Posted by: rachelanne229 | October 6, 2009

by any other name

they say a rose by any other name would smell as sweet.  ok, well shakespeare says it in romeo and juliet, which does not make it true.  we’ve discussed this statement a few times in english classes, and i waver back and forth about whether i believe it or not.  tonite, i don’t.

names are beautiful and unique.  if my name were clarisse instead of rachel, i’m sure my life would’ve ended up at least slightly different.  if you call a rose a stinging nettle, for example, the romantic implications of roses could be lost forever.  usually i am a fan of indulging the sense.  i don’t care if my meal is aesthetically appealing– i just want it to taste good.  that chocolate cake doesn’t need to be adorned with cherries and chocolate shavings and named a fancy french word for it to taste delectable and melt in my mouth.  it can fulfill its purpose just fine no matter what it’s called.  but if you want to really examine sensory pleasure, at the highest level of quality, i believe you have to take naming into account.

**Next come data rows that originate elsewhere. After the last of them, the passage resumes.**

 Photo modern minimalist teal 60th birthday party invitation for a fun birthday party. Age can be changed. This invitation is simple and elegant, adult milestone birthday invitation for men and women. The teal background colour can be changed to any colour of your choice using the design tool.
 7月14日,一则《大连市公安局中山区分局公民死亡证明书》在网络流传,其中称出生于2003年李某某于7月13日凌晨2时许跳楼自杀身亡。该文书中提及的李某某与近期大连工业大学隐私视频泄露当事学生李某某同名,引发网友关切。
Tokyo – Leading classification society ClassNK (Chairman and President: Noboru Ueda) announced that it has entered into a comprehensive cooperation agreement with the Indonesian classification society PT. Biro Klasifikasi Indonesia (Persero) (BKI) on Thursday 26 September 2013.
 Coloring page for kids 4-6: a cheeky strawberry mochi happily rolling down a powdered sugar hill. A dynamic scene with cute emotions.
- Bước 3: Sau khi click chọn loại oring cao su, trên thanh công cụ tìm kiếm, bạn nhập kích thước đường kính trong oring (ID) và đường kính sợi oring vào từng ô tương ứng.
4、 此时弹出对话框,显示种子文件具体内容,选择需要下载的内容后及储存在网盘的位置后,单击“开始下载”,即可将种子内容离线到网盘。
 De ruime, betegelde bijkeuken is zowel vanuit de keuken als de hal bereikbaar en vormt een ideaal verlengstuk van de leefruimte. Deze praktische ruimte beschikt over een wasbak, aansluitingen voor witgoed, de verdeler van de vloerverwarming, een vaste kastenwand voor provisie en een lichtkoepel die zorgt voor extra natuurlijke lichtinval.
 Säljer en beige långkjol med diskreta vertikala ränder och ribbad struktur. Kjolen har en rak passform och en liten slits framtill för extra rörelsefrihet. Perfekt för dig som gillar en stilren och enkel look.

words and names hold great value, in american culture and numerous others.  australian aboriginal traditions and place names come quickly to mind.  when you get down to it, or up to it, in the case of divine and powerful, and just plain classy names, the name matters.  so when shakespeare says “a rose by any other name…,” i disagree.  maybe a pen by any other name.  maybe a table lamp or a fork by any other name.  but nothing so romantic as a rose or the aurora borealis or katahdin.  these names have so much attached and have so many deep-seeded emotional/spiritual/passionate connotations that changing them to anything else would significantly diminish the value of the item being described.

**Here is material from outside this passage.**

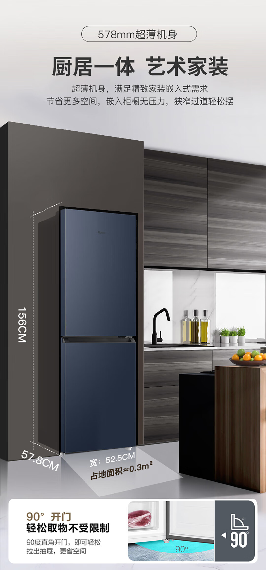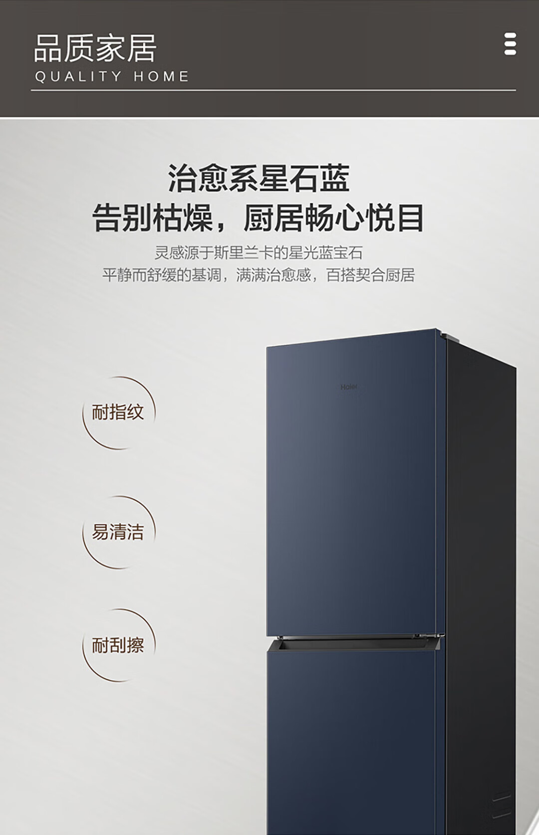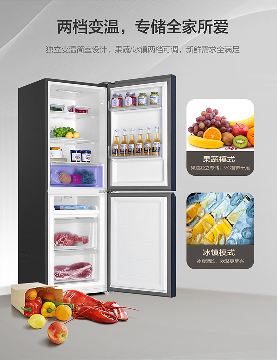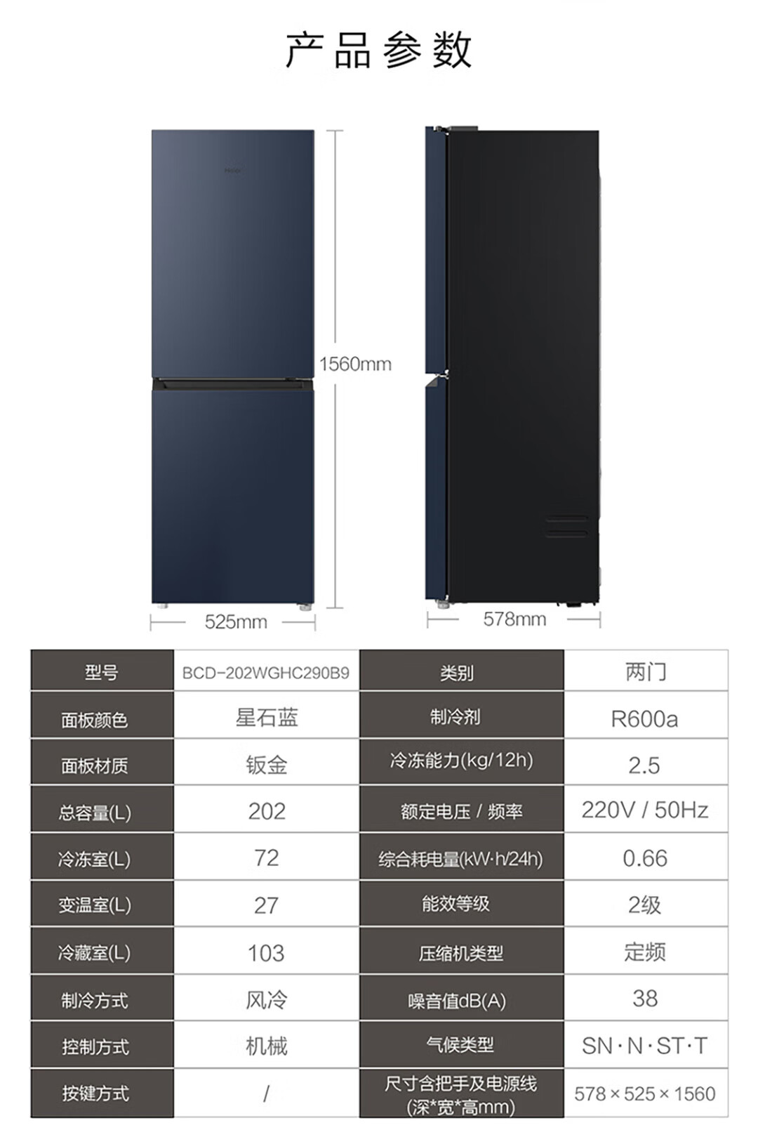 海尔(Haier)冰箱 BCD-202WGHC290B9 202升双门二门风冷无霜超薄小型家用电冰箱节能省电小冰箱

additionally, names and words vary a great deal by language.  i don’t claim to be a linguist, but i know that “love” in one language cannot directly translate to “love” in another language, and that each language deals with names for “love” in a unique fashion.  to change the word for “love” to a universal name would desecrate the word and cause a tremendous loss of meaning.

perhaps the word “dandelion” could’ve been substituted for the word “rose” hundreds of years ago before people started making romantic connections and writing sonnets and connecting monumental amounts of symbolism with this name, but not now, and not in romeo’s and juliet’s time either.